Sobha Gadi August 05, 2019
Even for a region so accustomed to state aggression and the constant violation of civil liberties, the recent Indian actions in Indian-occupied Kashmir (IoK) are unprecedented. In the span of a few days, India sent thousands of new troops to the region, put many parts of IoK under curfew, closed down essential institutions like schools, universities and hospitals, suspended all communication services, put prominent Kashmiri leaders like Omar Abdullah and Mehbooba Mufti under house arrest and asked all tourists to leave the state.

All this, and much more, was done under the pretext of a terror threat to the annual Hindu pilgrimage of Amarnath — the pilgrimage having been cancelled. However, the real reason behind India’s highhandedness was revealed today, following Indian Home Minister Amit Shah’s statement, as Article 370 and 35A of the Indian constitution, which granted Kashmir a special status and rights, were repealed.

Article 370 and Article 35A (which stems from the former), allow the IoK to be recognised as an independent state. The legislature also only allows locals to qualify for permanent residency in IoK and confer on these permanent residents special access to public jobs, scholarships and other public welfare benefits. The most crucial aspect of Articles 370 and 35A are the stipulations that only Kashmiris can buy property and settle permanently in the region. These articles are important to the residents of IoK because the property clause is a safeguard against any moves by New Delhi to alter the demographics of the volatile region. Altering the demographics of IoK will involve relocating Hindus from outside Kashmir to the Muslim majority region — a move similar to Israel’s relocation of Jewish settlers to Palestinian lands. This may be viewed by India’s ruling Bharatiya Janata Party (BJP) as a ‘permanent solution’ to Kashmiri resistance against India. Articles 370 and 35A were only put in place to alleviate these very fears, and repealing them is a sign that something worse is yet to come.

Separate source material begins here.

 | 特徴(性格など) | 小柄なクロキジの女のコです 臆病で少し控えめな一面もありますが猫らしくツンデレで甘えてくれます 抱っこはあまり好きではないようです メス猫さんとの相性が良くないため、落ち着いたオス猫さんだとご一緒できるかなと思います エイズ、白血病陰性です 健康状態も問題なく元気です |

Article 370 also granted IoK autonomous status in India’s otherwise federalist structure. In its original form, Article 370 had meant a much greater degree of self-governance for Kashmir than India’s other states. But even today, a watered down version of Article 370 still protected Kashmir from emergency provisions against ‘internal disturbances’ without the approval of the Kashmiri legislature while also preventing the redrawing of state boundaries. Repealing Article 370 may mean even more highhandedness from the centre in its crackdown on Kashmiri dissent, especially given the loss in legislative power. More crucially, it may tie in with any effort to alter Kashmir’s demographics. India has a long tradition of creating newer, smaller states out of old ones, and splitting up Kashmir may be seen as a viable way to reduce the political cohesiveness of the region and make dissent easier to curtail.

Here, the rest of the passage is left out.